Pregnancy Considerations

Metabolic acidosis has been reported in neonates following maternal use of ephedrine; monitor.

Untreated maternal hypotension during cesarean delivery is associated with adverse events, including maternal nausea and vomiting, and bradycardia and acidosis in the fetus. Ephedrine injection is used at delivery for the prevention and/or treatment of maternal hypotension associated with spinal anesthesia in women undergoing cesarean delivery (ASA 2016). Serious postpartum hypertension and possibly stroke may occur if administered with oxytocic medications.

Patient Education

What is this drug used for?

Tablets:

• It is used to treat asthma.

Injection:

• It is used to treat low blood pressure.

• It may be given to you for other reasons. Talk with the doctor.

All drugs may cause side effects. However, many people have no side effects or only have minor side effects. Call your doctor or get medical help if any of these side effects or any other side effects bother you or do not go away:

• Dizziness or headache

• Sweating a lot

• Restlessness

• Trouble sleeping

• Feeling nervous and excitable

• Upset stomach or throwing up

• Not hungry

WARNING/CAUTION: Even though it may be rare, some people may have very bad and sometimes deadly side effects when taking a drug. Tell your doctor or get medical help right away if you have any of the following signs or symptoms that may be related to a very bad side effect:

• High blood pressure like very bad headache or dizziness, passing out, or change in eyesight

• Weakness on 1 side of the body, trouble speaking or thinking, change in balance, drooping on one side of the face, or blurred eyesight

• Chest pain pain or pressure

• Fast, slow, or abnormal heartbeat

• Trouble passing urine

• Shortness of breath

• Seizures

• Signs of an allergic reaction, like rash; hives; itching; red, swollen, blistered, or peeling skin with or without fever; wheezing; tightness in the chest or throat; trouble breathing, swallowing, or talking; unusual hoarseness; or swelling of the mouth, face, lips, tongue, or throat.

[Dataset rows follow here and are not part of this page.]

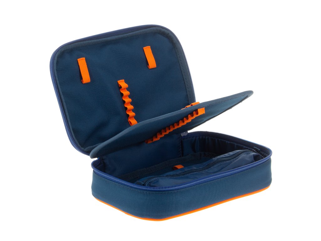 Uvnitř pouzdra se nachází dvě patra. V první komoře se nachází gumičky na pravítko a poutka pro 18 pastelek. V druhé komoře naleznete 12 poutek na fixy, pastelky, tužky či propisky na jedné straně a na opačné kapsičku na zip společně s gumičkami na ořezávátko a mazací gumu.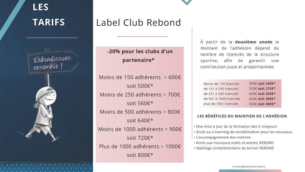 Cette adhésion ouvre également la possibilité à tous les clubs de tennis du Val d’Oise d’obtenir le tarif réseau partenaire pour l’adhésion à Rebond et son Label (-20%).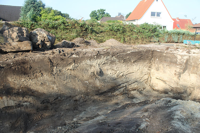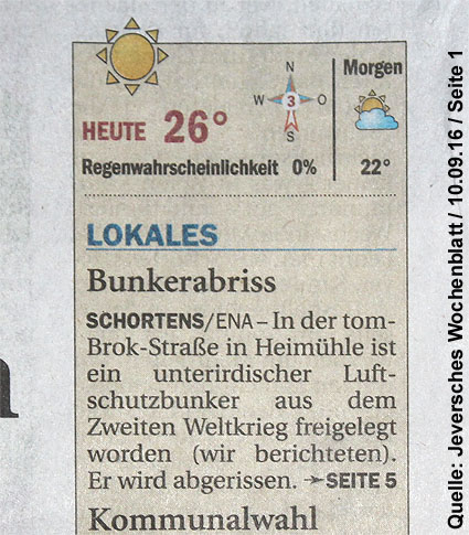 Am 7. und 8. September 2016 wurde nun der betonierte Deckungsgraben an der tom-Brok-Straße Ecke Bahnhofstraße in Schortens / Heidmühle abgerissen. Das Bauwerk konnte beim besten Willen nicht in das geplante Neubauvorhaben (Einfamilienwohnhaus) integriert werden und musste deshalb leider weichen. Der Abbruch erfolgte durch die Firma Swyter GmbH aus Jever. Wir hatten die Gelegenheit, den Abbruch ausführlich zu dokumentieren. Unser herzlicher Dank an den Eigentümer des Grundstückes, Herrn Bruns, für die Ermöglichung!

Note: This is not a comprehensive list of all side effects. Talk to your doctor if you have questions.

Consumer Information Use and Disclaimer: This information should not be used to decide whether or not to take this medicine or any other medicine. Only the healthcare provider has the knowledge and training to decide which medicines are right for a specific patient. This information does not endorse any medicine as safe, effective, or approved for treating any patient or health condition. This is only a limited summary of general information about the medicine's uses from the patient education leaflet and is not intended to be comprehensive. This limited summary does NOT include all information available about the possible uses, directions, warnings, precautions, interactions, adverse effects, or risks that may apply to this medicine. This information is not intended to provide medical advice, diagnosis or treatment and does not replace information you receive from the healthcare provider. For a more detailed summary of information about the risks and benefits of using this medicine, please speak with your healthcare provider and review the entire patient education leaflet.